• [Stored data]
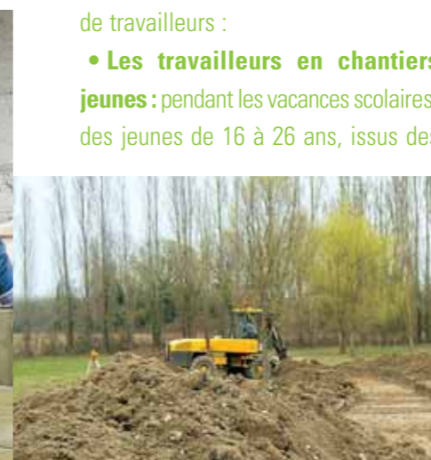
En dehors des travaux de terrassements (photos ci-dessus), le jardin a été réalisé par des jeunes dans le cadre de projets d'insertion. Ici, fabrication des bacs de culture.
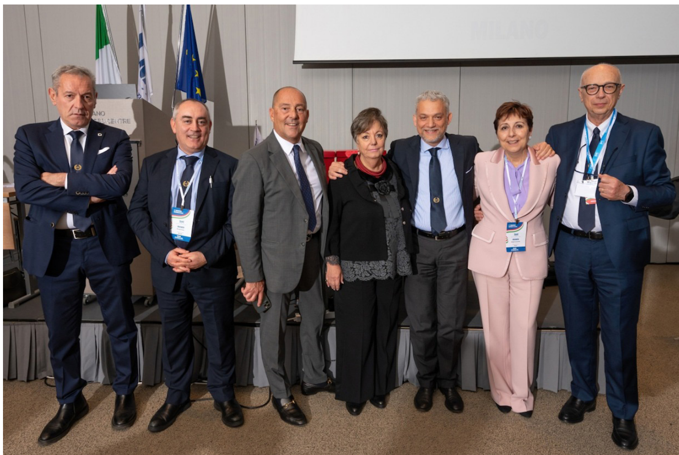
Il nuovo Consiglio
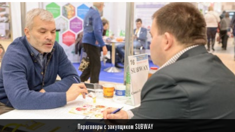
Переговоры с закупщиком SUBWAY

Впервые Центр Закупок Сетей™: HoReCa был организован на выставке ПЕТЕРФУД-2019, в котором приняли участие закупщики таких компаний как: SUBWAY, Теремок, Буше, Суши Wok, Токио Сити, Бахрома, Баскин Роббинс и другие.

• [What to work on]
Leave the images out and give the rest of the data again exactly.

• [Response for this exercise]
En dehors des travaux de terrassements (photos ci-dessus), le jardin a été réalisé par des jeunes dans le cadre de projets d'insertion. Ici, fabrication des bacs de culture.
Il nuovo Consiglio
Переговоры с закупщиком SUBWAY

Впервые Центр Закупок Сетей™: HoReCa был организован на выставке ПЕТЕРФУД-2019, в котором приняли участие закупщики таких компаний как: SUBWAY, Теремок, Буше, Суши Wok, Токио Сити, Бахрома, Баскин Роббинс и другие.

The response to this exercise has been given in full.